Кирилл сел рядом, и Валера уперся плечом ему в плечо, положил руку на колено и крепко стиснул – он как бы устанавливал этим прямой надежный контакт помимо слов, которым не доверял.
– Вот ты мне скажи, как по-твоему, менты, они должны быть? Я сейчас не о себе. Меня обидели – ладно, я свой срок отмотал. Я в высшем смысле… в смысле целого, то есть вообще всего… должны они быть, как ты считаешь?
Мысль о целом, распиравшая Валеру, была так масштабна, что не вмещалась в слова, и он пытался изобразить “вообще всё” жестами, ощупывая перед собой корявыми коричневыми пальцами со сбитыми, вероятно, о чьи-то зубы костяшками незримую сферу.
– Ведь без них же никак, да?

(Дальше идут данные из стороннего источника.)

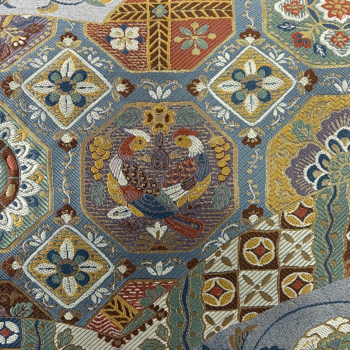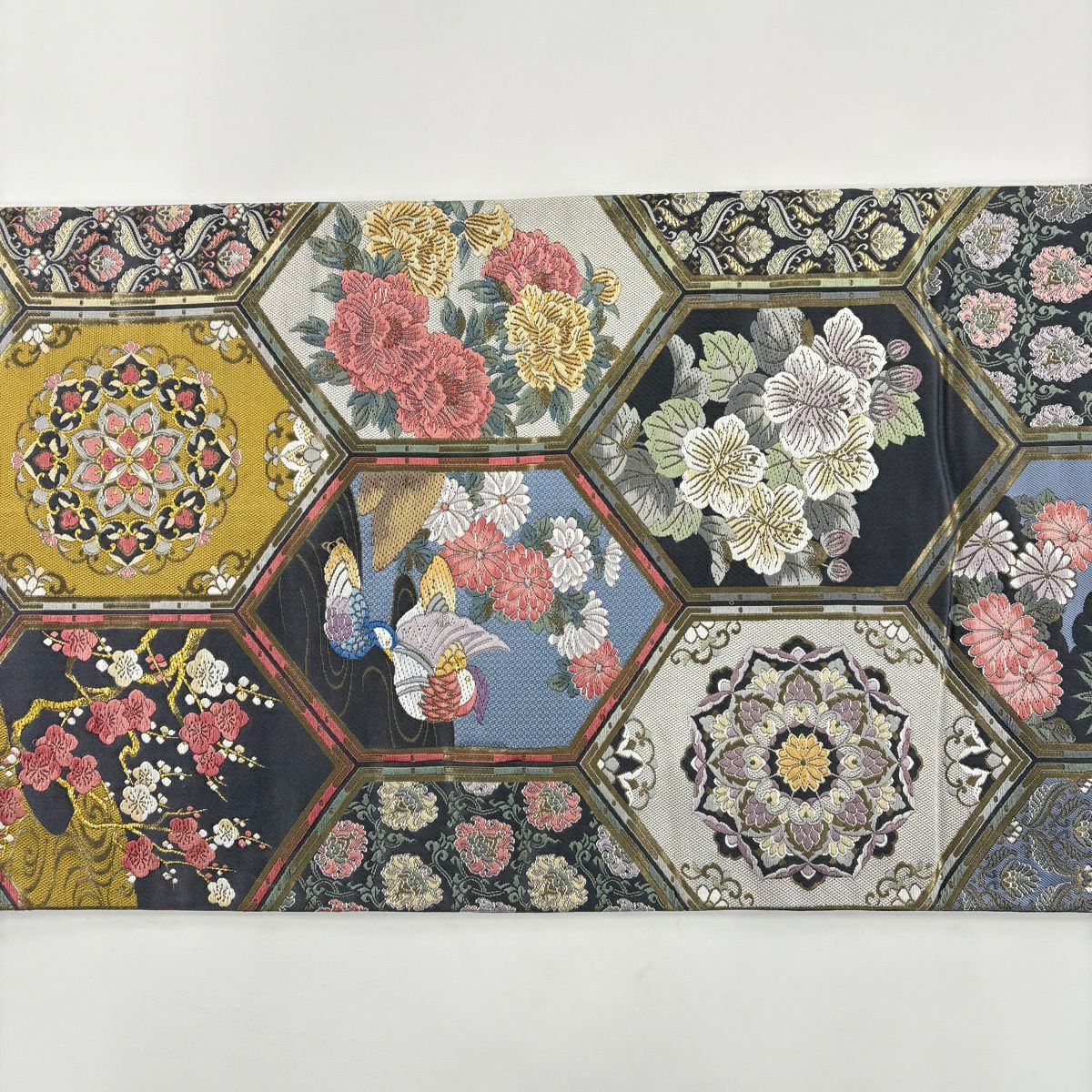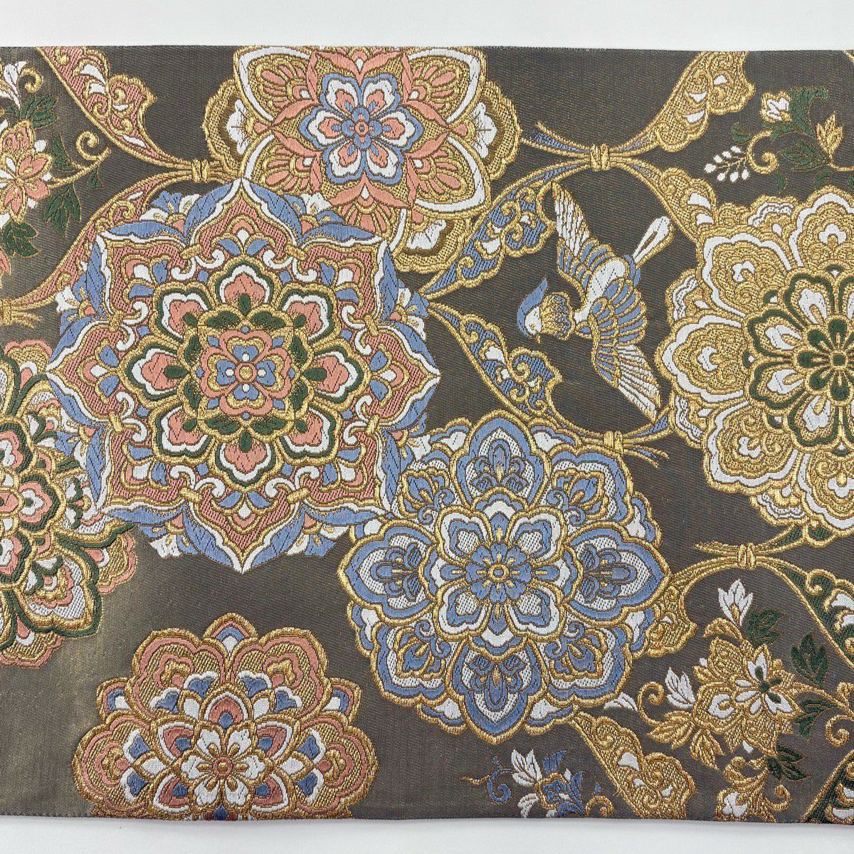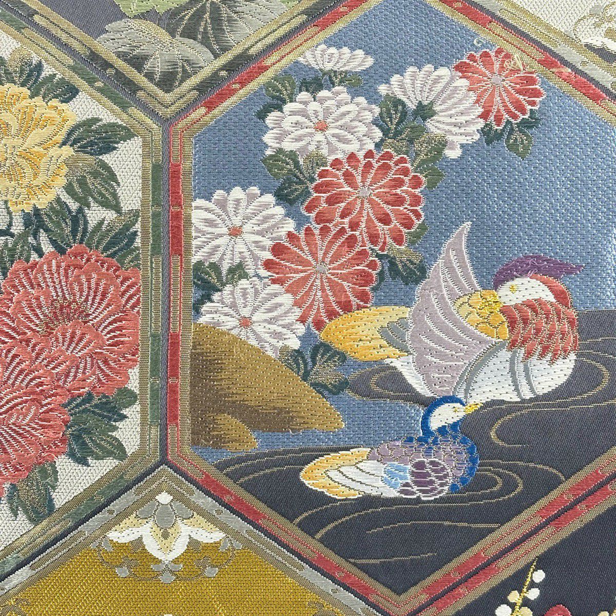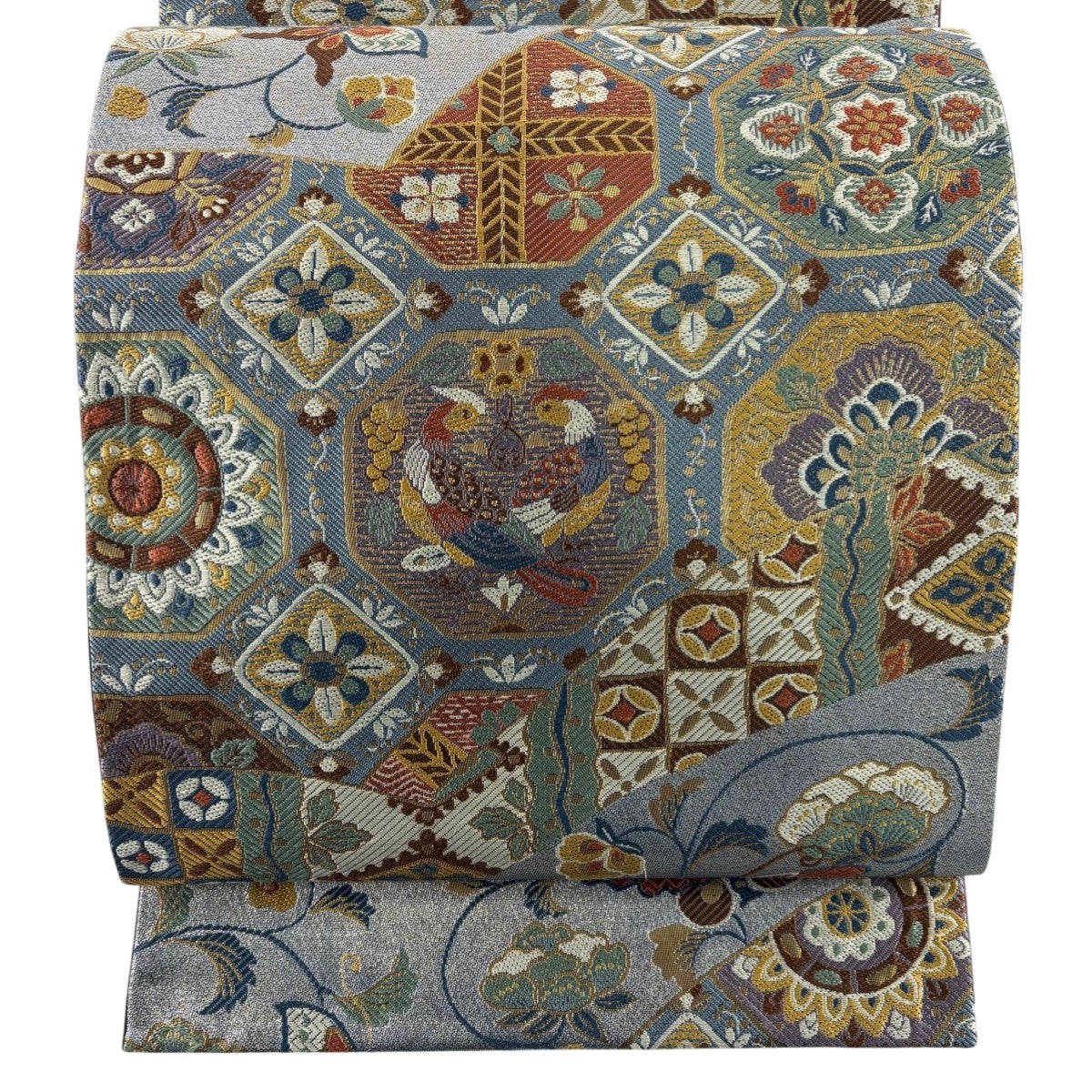 【美品】 袋帯 秀品 亀甲 花鳥 金糸 箔 灰色 六通 正絹

Мы же без них друг дружке глотки перегрызем, правда?
– Похоже на то…
– Вот и я так думаю… А всё равно не-на-ви-жу… Видеть их не могу. Как встречу, сразу на другую сторону перехожу. Зло у меня на них. Понимаю, что в высшем смысле без них нельзя, а попадись мне один на один – убью…
Последнее слово было произнесено сдавленно-тихо, но, будто в ответ, в каменной высоте подъезда с удвоенной силой взвыло и заскулило, словно кому-то там что-то прищемили, и длинным утробным стоном отозвалась шахта лифта. Распахнулась входная дверь, и в облаке снежного дыма вошел закутанный в шарф полный мужчина в пальто. Опасливо покосился на сидящих на лестнице, обойдя их, прошел к лифту.
– А ты как думаешь, – обратился к нему Валера, – можно человеку человека убить? Если иначе с ним не получается? Если по-другому он не понимает?
– Не знаю… – Мужчина обернулся, и над закрывавшим большую часть лица шарфом блеснули в тусклом свете очки. – Всякое бывает… – Пожал плечами и пробормотал в шарф: – Лучше, наверное, все-таки не стоит…
Валера разочарованно махнул рукой, точно ожидал услышать совсем другое. Подошел лифт, и мужчина торопливо втиснулся в него, не дождавшись, пока двери полностью откроются.
Когда он уехал, Валера сказал:
– Я знаю: нельзя. Грех. Но что же с ней делать, если она у меня всю кровь выпила?! А без нее тоже паршиво: тоска гложет. Вторую неделю пью, всё зря. Эх, вломить бы кому-нибудь от всей души, сразу полегчало б. В нормальной драке человеком себя чувствуешь, а так… тьфу! – Он сплюнул на ступеньки.
Валера был худ, невысок и немолод, лет, наверное, под сорок, в общем, совсем не походил на тех набитых мускулами ухарей, для кого драка – развлечение, но такая корежила его не находящая выхода ярость, что было ясно: тому, кто схлестнется с ним, не поздоровится.
– Ты, может, тоже по зоне скучаешь? – спросил Кирилл.
– А кто еще скучает?
– Да есть у меня один знакомый. На блошинке торгует. Он зону, где сидел, даже во сне видит. Что ни ночь, говорит, снится. Даже обратно хочет, только здоровье не позволяет. – Валера задумался, основательно приложился к бутылке. – В смысле целого зоны, конечно, должны быть…
Очевидно, любое явление представало ему “в смысле целого”, требуя обдумывания “в высшем смысле”, поэтому и ярость его, минуя находившееся под рукой, в частности Кирилла, была направлена на мир в целом, на никчемное устройство мироздания. Но нельзя было, конечно, поручиться, что он не захочет вдруг обратить ее на то, что поближе. Для этого достаточно было неверной интонации, одного неудачного слова.